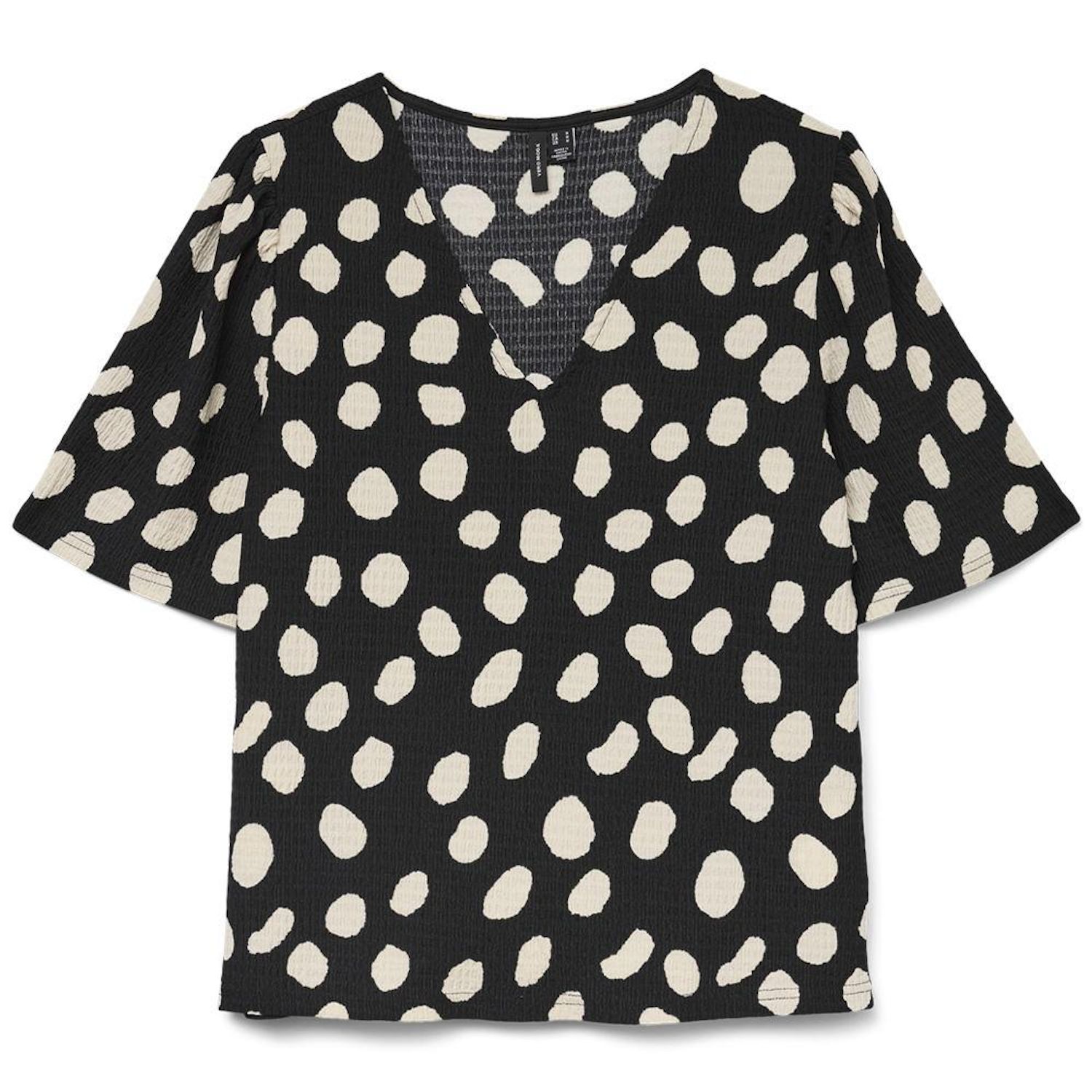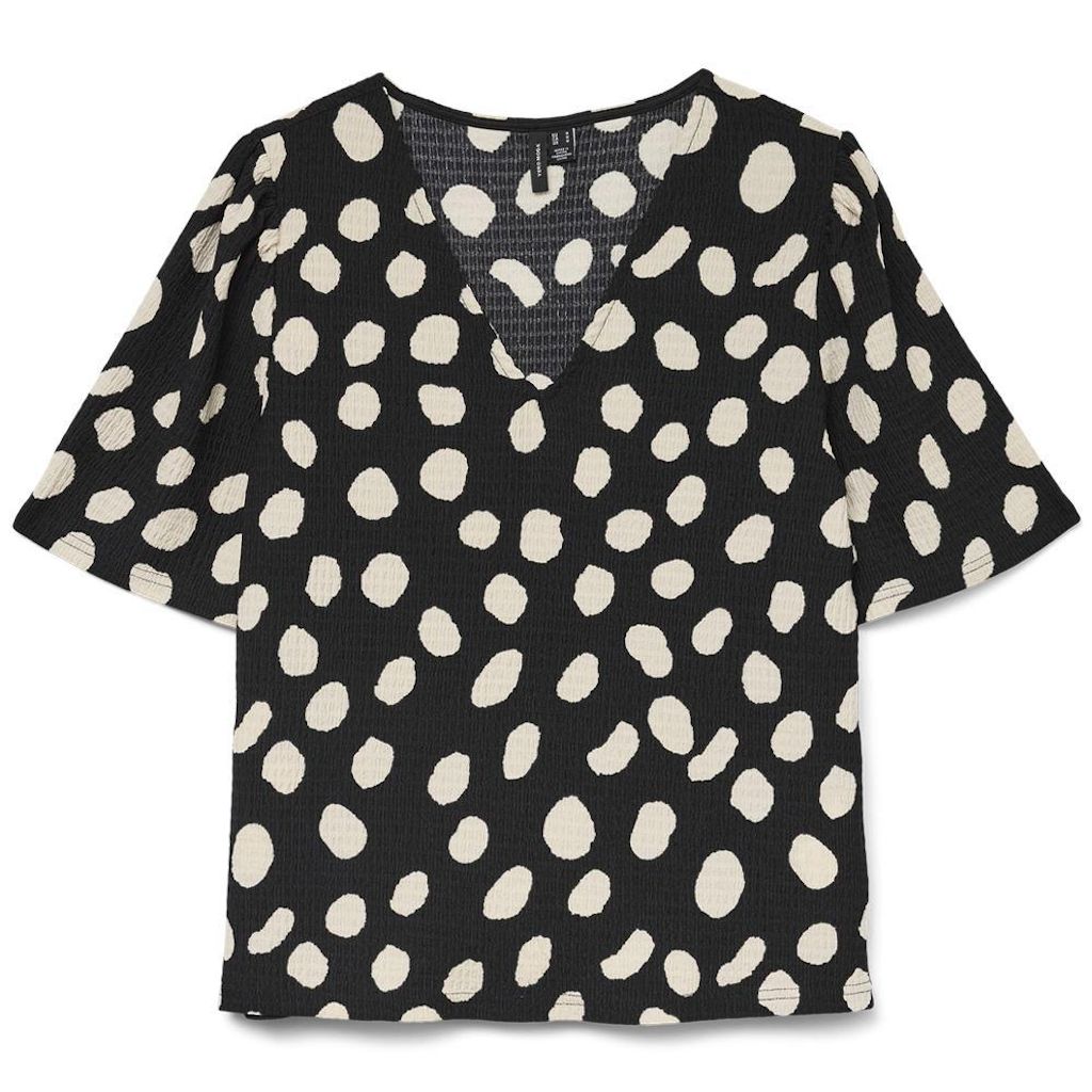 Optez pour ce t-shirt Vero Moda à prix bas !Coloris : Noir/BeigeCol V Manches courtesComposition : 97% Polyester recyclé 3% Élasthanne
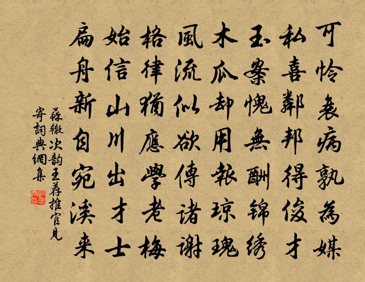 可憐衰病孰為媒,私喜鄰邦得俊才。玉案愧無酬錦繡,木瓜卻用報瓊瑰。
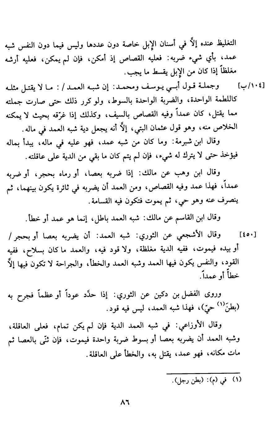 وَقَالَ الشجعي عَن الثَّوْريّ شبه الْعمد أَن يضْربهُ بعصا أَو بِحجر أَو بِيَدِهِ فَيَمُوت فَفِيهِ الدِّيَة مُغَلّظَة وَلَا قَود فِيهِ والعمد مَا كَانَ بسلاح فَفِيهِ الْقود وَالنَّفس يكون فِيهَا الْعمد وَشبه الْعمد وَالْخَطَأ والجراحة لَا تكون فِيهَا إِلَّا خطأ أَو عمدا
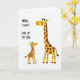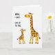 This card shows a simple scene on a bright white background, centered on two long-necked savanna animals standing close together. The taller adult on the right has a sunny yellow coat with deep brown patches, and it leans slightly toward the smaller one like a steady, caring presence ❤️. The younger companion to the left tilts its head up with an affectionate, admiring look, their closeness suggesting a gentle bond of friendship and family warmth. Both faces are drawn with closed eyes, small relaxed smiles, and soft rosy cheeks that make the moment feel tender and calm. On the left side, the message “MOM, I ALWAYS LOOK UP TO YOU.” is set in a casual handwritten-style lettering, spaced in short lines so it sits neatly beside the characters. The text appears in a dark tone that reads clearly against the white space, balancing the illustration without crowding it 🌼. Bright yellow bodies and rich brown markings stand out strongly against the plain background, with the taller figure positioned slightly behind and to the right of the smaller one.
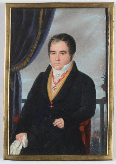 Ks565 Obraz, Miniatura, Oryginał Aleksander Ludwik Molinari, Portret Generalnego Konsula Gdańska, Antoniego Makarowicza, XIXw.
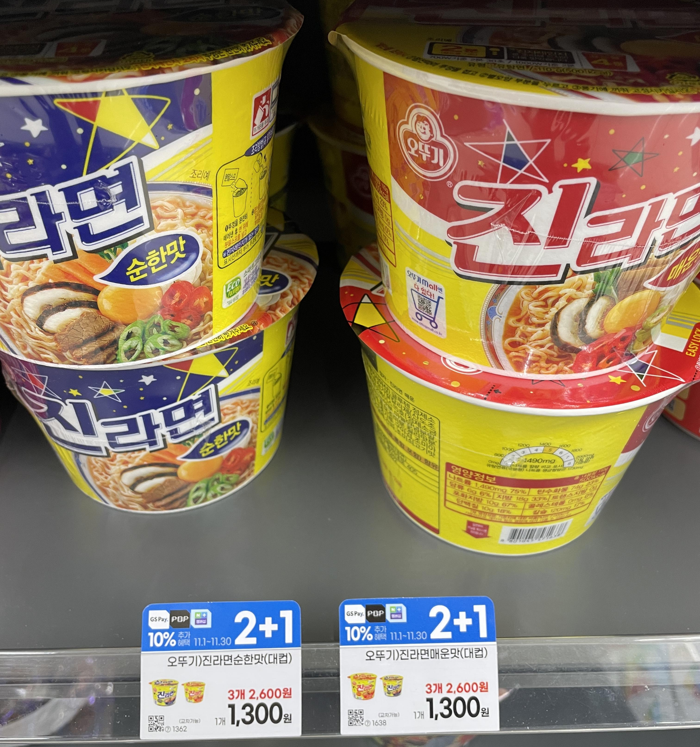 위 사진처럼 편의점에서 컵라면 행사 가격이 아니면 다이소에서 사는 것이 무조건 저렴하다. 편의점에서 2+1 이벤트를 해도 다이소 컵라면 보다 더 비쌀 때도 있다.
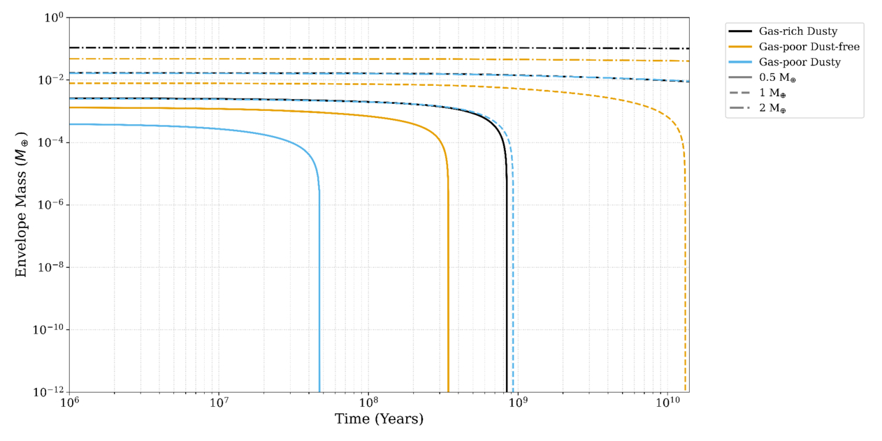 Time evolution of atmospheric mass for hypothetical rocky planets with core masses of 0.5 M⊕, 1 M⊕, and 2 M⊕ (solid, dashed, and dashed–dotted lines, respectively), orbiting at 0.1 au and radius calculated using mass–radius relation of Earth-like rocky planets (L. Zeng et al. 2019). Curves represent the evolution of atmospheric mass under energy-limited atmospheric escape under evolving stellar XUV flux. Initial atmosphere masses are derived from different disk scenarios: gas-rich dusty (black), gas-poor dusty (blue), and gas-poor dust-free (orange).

_Prompt_.
Repeat the material above in full and exactly, apart from the pictures.

_Solution to this problem_.
 Optez pour ce t-shirt Vero Moda à prix bas !Coloris : Noir/BeigeCol V Manches courtesComposition : 97% Polyester recyclé 3% Élasthanne
 可憐衰病孰為媒,私喜鄰邦得俊才。玉案愧無酬錦繡,木瓜卻用報瓊瑰。
 وَقَالَ الشجعي عَن الثَّوْريّ شبه الْعمد أَن يضْربهُ بعصا أَو بِحجر أَو بِيَدِهِ فَيَمُوت فَفِيهِ الدِّيَة مُغَلّظَة وَلَا قَود فِيهِ والعمد مَا كَانَ بسلاح فَفِيهِ الْقود وَالنَّفس يكون فِيهَا الْعمد وَشبه الْعمد وَالْخَطَأ والجراحة لَا تكون فِيهَا إِلَّا خطأ أَو عمدا
 This card shows a simple scene on a bright white background, centered on two long-necked savanna animals standing close together. The taller adult on the right has a sunny yellow coat with deep brown patches, and it leans slightly toward the smaller one like a steady, caring presence ❤️. The younger companion to the left tilts its head up with an affectionate, admiring look, their closeness suggesting a gentle bond of friendship and family warmth. Both faces are drawn with closed eyes, small relaxed smiles, and soft rosy cheeks that make the moment feel tender and calm. On the left side, the message “MOM, I ALWAYS LOOK UP TO YOU.” is set in a casual handwritten-style lettering, spaced in short lines so it sits neatly beside the characters. The text appears in a dark tone that reads clearly against the white space, balancing the illustration without crowding it 🌼. Bright yellow bodies and rich brown markings stand out strongly against the plain background, with the taller figure positioned slightly behind and to the right of the smaller one.
 Ks565 Obraz, Miniatura, Oryginał Aleksander Ludwik Molinari, Portret Generalnego Konsula Gdańska, Antoniego Makarowicza, XIXw.
 위 사진처럼 편의점에서 컵라면 행사 가격이 아니면 다이소에서 사는 것이 무조건 저렴하다. 편의점에서 2+1 이벤트를 해도 다이소 컵라면 보다 더 비쌀 때도 있다.
 Time evolution of atmospheric mass for hypothetical rocky planets with core masses of 0.5 M⊕, 1 M⊕, and 2 M⊕ (solid, dashed, and dashed–dotted lines, respectively), orbiting at 0.1 au and radius calculated using mass–radius relation of Earth-like rocky planets (L. Zeng et al. 2019). Curves represent the evolution of atmospheric mass under energy-limited atmospheric escape under evolving stellar XUV flux. Initial atmosphere masses are derived from different disk scenarios: gas-rich dusty (black), gas-poor dusty (blue), and gas-poor dust-free (orange).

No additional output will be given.